C. Challenges to Federal Restrictions
The federal statute prohibiting casino gambling advertising, §1304, has been the subject of numerous constitutional challenges. The United States Supreme Court first considered the constitutionality of this law in the 1993 case of U.S. v. Edge Broadcasting Co.21 In that case, a broadcaster licensed with the FCC in the State of Virginia, challenged the prohibitions of 18 U.S.C. §§1304 and 1307 which prohibit the broadcast of information regarding state-run lotteries to residents of non-lottery states. Virginia was a lottery state, although its broadcast was accessible to residents of neighboring North Carolina, a non-lottery state.
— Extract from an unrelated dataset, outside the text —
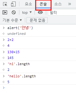 - 문자열 뒤에 .length 입력하면 문자 길이를 알 수 있음
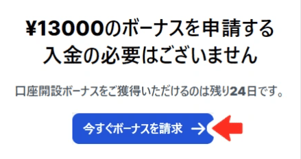 | 口座開設ボーナス13,000円 | 新規口座を開設し、本人確認を完了するだけで13,000円相当のボーナスが受け取れる。 | 全ての口座タイプ |

The Virginia broadcasting company wished to broadcast Virginia lottery advertisements even though such information was accessible to residents of North Carolina. Edge Broadcasting therefore filed a First Amendment and Equal Protection challenge to the federal legislation. Although the lower courts invalidated the regulation as applied to Edge Broadcasting, the United States Supreme Court reversed and held that the government has the constitutional power to protect the non-lottery states from receiving the information regarding the prohibited activity in the lottery states. Allowing Edge Broadcasting to carry the lottery advertisements to North Carolina residents would be in derogation of the federal interests supporting the state’s anti-lottery laws and would permit Virginia’s lottery laws to dictate what stations a neighboring state may air.22
The analytical framework for gambling advertising challenges changed dramatically after the United States Supreme Court’s decision in 44 Liquormart, Inc. v. Rhode Island23 which cast significant doubt on the reasoning contained in the Posadas case. While no unanimous opinion was produced by the 44 Liquormart decision, a majority of the Court agreed to strike down two Rhode Island statutes which prohibited the advertising of alcoholic beverage retail prices anywhere other than at a point of purchase. The various opinions produced by the 44 Liquormart decision provided additional strength to First Amendment challenges directed at advertising restrictions.
Subsequent to the 44 Liquormart decision, the Ninth Circuit Court of Appeals considered another challenge to §1304, this time brought by Valley Broadcasting Company and Sierra Broadcasting Company, both Nevada corporations which operate television stations in Las Vegas and Reno, Nevada.24 The broadcasters desired to broadcast advertisements for casino gambling, an activity that is legal in the State of Nevada, but which could also be heard by audiences in California and Utah. This time, under the guidance of the 44 Liquormart decision and Ruben v. Coors Brewing Co.,25 a case involving the “strength wars” between brewing companies, the Ninth Circuit struck down §1304 on First Amendment grounds. Although the Court concluded that the government still had a substantial interest in protecting citizens against the negative impacts of gambling like moral corruption, crime and prostitution,26 the Circuit Court found that the restriction could no longer meet the remaining parts of the Central Hudson test.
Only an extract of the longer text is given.